I grew up as a sports fan – playing basketball and I’m still a Phillies baseball fan even though we left Philadelphia in 1953. I have been interested for decades in the connection between sports and American social life and politics. . My father had taken me to see the first game played in Philadelphia by Jackie Robinson, the man who broke the color barrier in major league baseball. In the turmoil of the 1960’s it was clear that a boxer, Muhammed Ali, played an important role and two sprinters, Tommie Smith and John Carlos had become the symbols of the efforts to end racism in this country.

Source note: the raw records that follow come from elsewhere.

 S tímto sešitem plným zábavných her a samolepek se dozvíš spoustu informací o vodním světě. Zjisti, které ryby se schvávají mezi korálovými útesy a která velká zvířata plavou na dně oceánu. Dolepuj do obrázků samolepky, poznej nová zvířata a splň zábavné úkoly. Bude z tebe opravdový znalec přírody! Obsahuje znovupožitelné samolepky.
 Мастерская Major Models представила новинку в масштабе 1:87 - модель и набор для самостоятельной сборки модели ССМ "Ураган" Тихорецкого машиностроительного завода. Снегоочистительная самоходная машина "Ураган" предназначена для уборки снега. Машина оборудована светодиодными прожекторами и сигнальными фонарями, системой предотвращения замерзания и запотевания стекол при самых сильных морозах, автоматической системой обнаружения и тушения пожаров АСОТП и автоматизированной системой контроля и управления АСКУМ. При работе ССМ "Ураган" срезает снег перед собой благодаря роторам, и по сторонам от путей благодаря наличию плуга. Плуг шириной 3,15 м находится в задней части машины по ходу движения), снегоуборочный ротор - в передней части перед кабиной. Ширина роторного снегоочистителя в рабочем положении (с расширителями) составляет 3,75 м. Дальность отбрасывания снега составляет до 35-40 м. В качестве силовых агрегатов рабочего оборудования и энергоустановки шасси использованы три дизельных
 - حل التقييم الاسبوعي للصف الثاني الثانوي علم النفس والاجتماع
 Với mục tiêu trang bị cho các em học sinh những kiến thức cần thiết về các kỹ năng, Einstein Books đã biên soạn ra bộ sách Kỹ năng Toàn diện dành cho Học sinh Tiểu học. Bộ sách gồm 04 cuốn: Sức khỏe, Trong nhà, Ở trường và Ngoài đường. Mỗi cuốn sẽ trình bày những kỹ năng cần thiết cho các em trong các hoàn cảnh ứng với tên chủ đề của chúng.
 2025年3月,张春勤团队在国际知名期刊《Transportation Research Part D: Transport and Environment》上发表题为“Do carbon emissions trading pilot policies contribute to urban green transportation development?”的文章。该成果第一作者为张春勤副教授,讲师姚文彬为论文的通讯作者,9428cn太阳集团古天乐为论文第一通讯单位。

In 1970, I became an assistant professor of history at the University of Missouri, an institution that was only seven years old at that time. My teaching responsibilities included advanced level and M. A. courses in Tudor-Stuart England and 17th century Europe. One of the many advantages of being in a new, and growing, department was the chance to develop new courses and get away from the traditional syllabus. In 1972, I organized a very successful conference dealing with the role that sports played in contemporary American society. Two things about it stand out in my mind – the range of serious non-sports issues that were discussed and that I got to be Jackie Robinson’s host for two days. It’s a great thrill to see that the heroes of one’s youth can be even better people that one imagines. Three years later, I started teaching a social history of sports course, one of the first taught in any department of history at an American university.

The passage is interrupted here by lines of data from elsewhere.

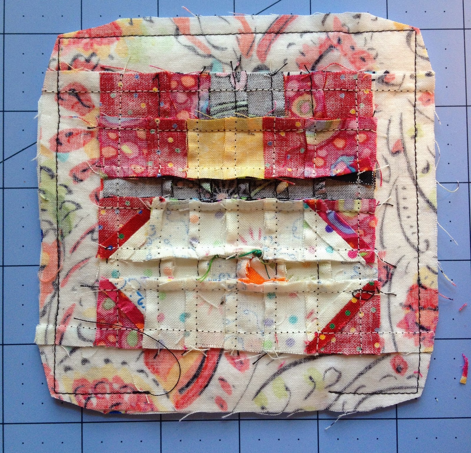 lay 4 red and the 1 orange onto these white squares with right sides together.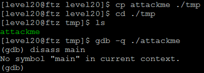 일단 attackme 파일을 /home/level20/tmp/ 디렉터리에 복사하고 gdb로 main 함수의 어셈블리어 코드를 확인해보려 하였다. 그러나 막혀있다. 따라서 bleh 변수가 ebp로부터 얼마나 떨어져 있는지 알기 어렵다.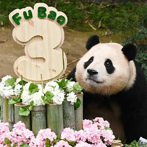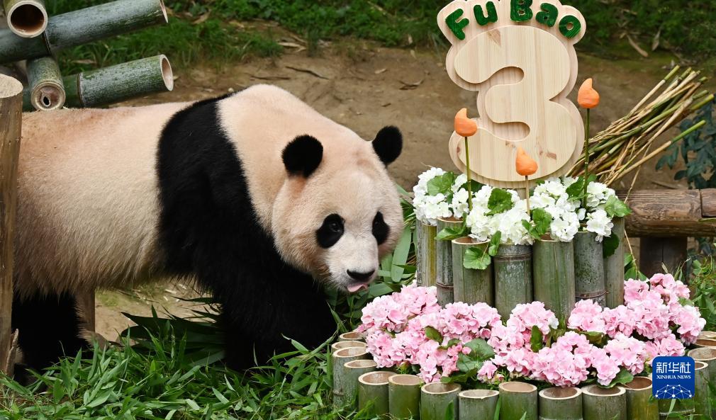 7月20日,在韓國(guó)出生的大熊貓“福寶”迎來3歲生日,園區(qū)制作了由竹子和胡蘿卜組成的“蛋糕”為其慶生。
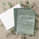 Wedding RSVP cards in a minimalist style. Elegant green tones combined with minimalist design and personalized details create a sophisticated yet festive atmosphere.
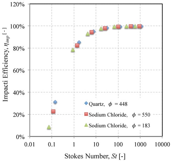 where f is the Stokes drag correction factor and is the gas viscosity. The Stokes number can be used to predict with reasonable accuracy the efficiency of an inertial particle separator, according to Barone et al. [], using:

As a result of the conference, I tried to do some serious reading about sports (especially football) in English society and was very disappointed to see how little there was at that time. That’s when I decided to see if I could start research of my own on the subject. I was returning to England in the summer, 1973 and wrote the secretaries of all the London League clubs to ask if I could talk with them about a possible subject for my research. I got invitations to visit all but two clubs and I met with the secretaries of seven of them My original plan was to do a social history of football in London after 1945. When I realized that was too big a subject, I decided to focus on one club. Since I wanted a club that had a distinctive, recognizable community, I limited the final choice to West Ham United and Charlton.

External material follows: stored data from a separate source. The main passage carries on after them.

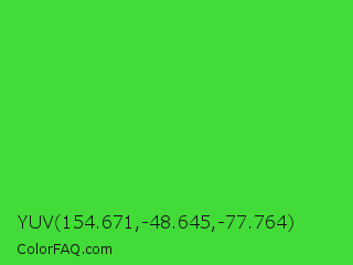 YUV 154.671,-48.645,-77.764 Color is a normal green color and the nearest color is Lime Green #32cd32. Hex code #42db38 and RGB value is rgb(66,219,56). In RGB color space, this color is composed of 26% red, 86% green, 22% blue, In CMYK color space, this color is composed of 70% cyan, 0% magenta, 74% yellow , 14% black , In HSL color space, this color has a hue angle of 116° , 69% saturation and 54% lightness.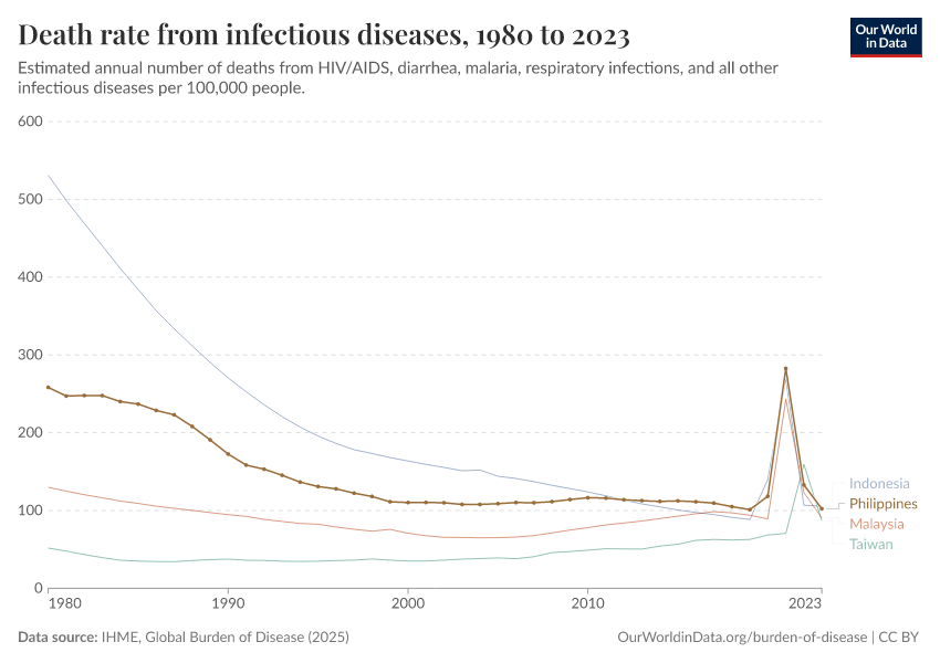 In the chart, you can see how death rates from communicable diseases in the Philippines have changed over time. This is shown alongside neighboring countries for comparison.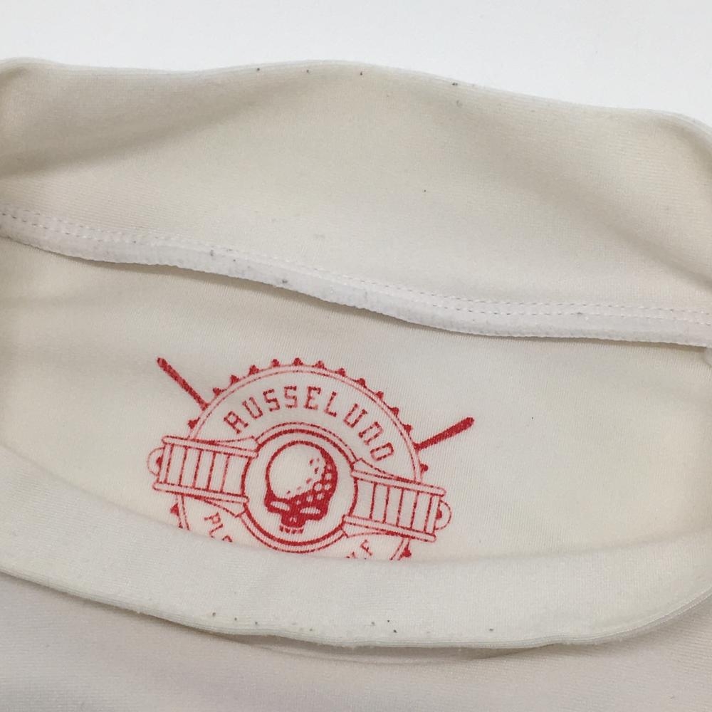 ラッセルノ ハイネックインナーシャツ 白×レッド 袖ロゴプリント レディース M ゴルフウェア RUSSELUNO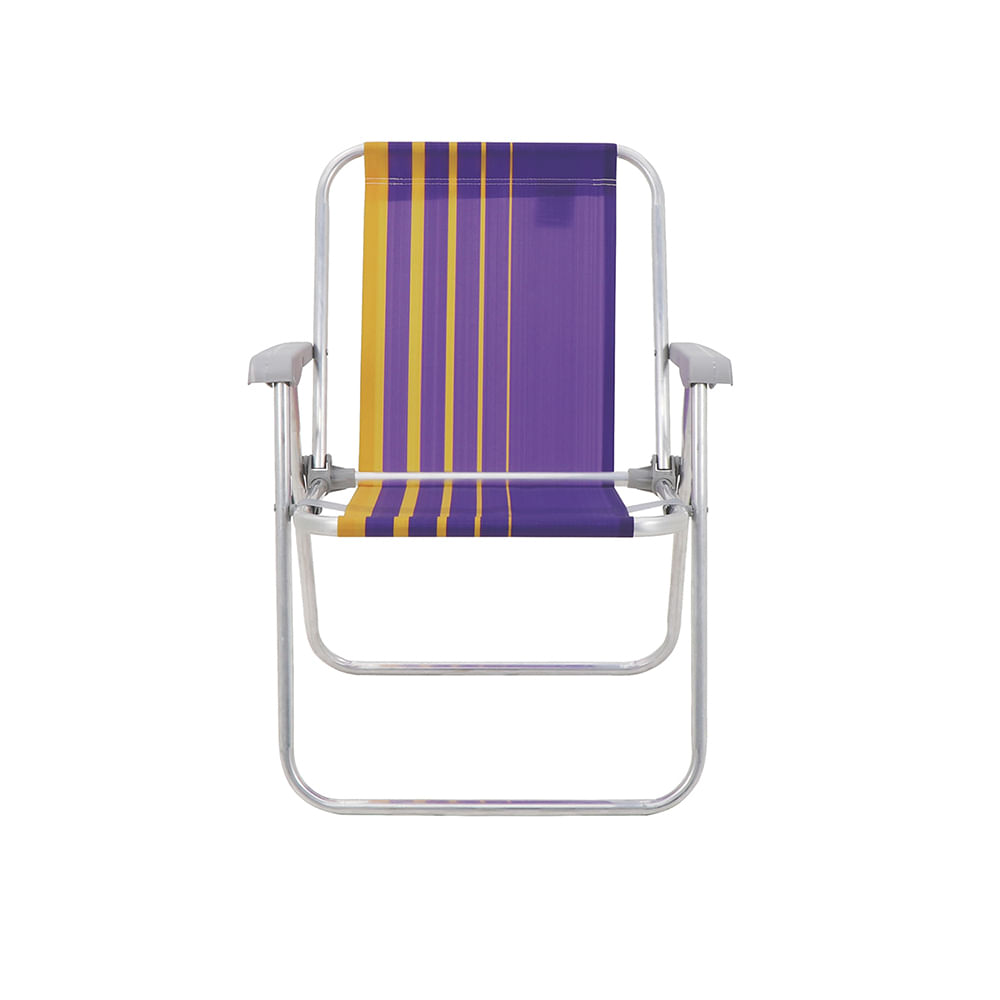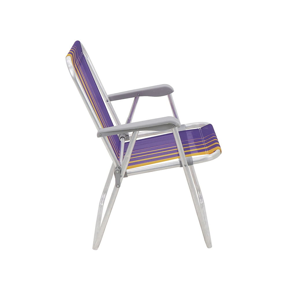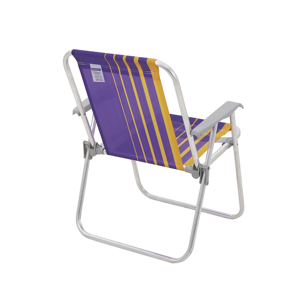 Cadeira de Praia Samoa Alta em Alumínio com Assento Roxo e Amarelo - Tramontina Cadeira de Praia Tramontina Samoa Alta em Alumínio com Assento Roxo e Amarelo Peso Máximo Recomendável: 110 kg Fabricação: Apoios em polipropileno injetado, tubo em alumínio natural e tela em polietileno com proteção ANTI-UV.Modelo: Dobrável Para curtir aqueles dias de sol deliciosos na praia, piscina ou num acampamento, a cadeira de praia Tramontina Samoa Alta em alumínio com assento roxo e amarelo é indispensável. Desenvolvida com design inspirado na ilha de Samoa e na cor roxa e amarela, ela tem estrutura em alumínio e assento reforçado que garantem capacidade para 110 quilos. Os detalhes são todos na cor cinza e proporcionam uniformidade visual e um acabamento excelente, além de deixá-la ainda mais moderna! Faricante: Tramontina

It’s no exaggeration to say that my career and my life were changed by an afternoon I spent at Upton Park in July, 1973. I was with Eddie Chapman, the club secretary for a couple of hours. The club had a history that would make it a perfect study for me. Eddie was enthusiastic about the idea and convinced Reg Pratt, the chairman, to help me. I ended up with a historian’s treasure trove. I got free access to all of the club’s financial records and the minute books of meetings from 1895 to 1970. When I began the research in 1974, it was the start of a new career, an involvement for me with both the club and football, and the beginning of friendships that last to this day. I have to emphasize that I did not choose West Ham because I was a fan. The dynamic was just the opposite. I became a fan because I got involved with the club and the people around it. I worked at the club for months over three summers before I saw my first match there in 1976. Over the years, I got to know remarkable people like Eddie, John Lyall, Ron Greenwood, Frank O’Farrell, other former players and a number of long time supporters. I interviewed scores of former players, club officials, and journalists.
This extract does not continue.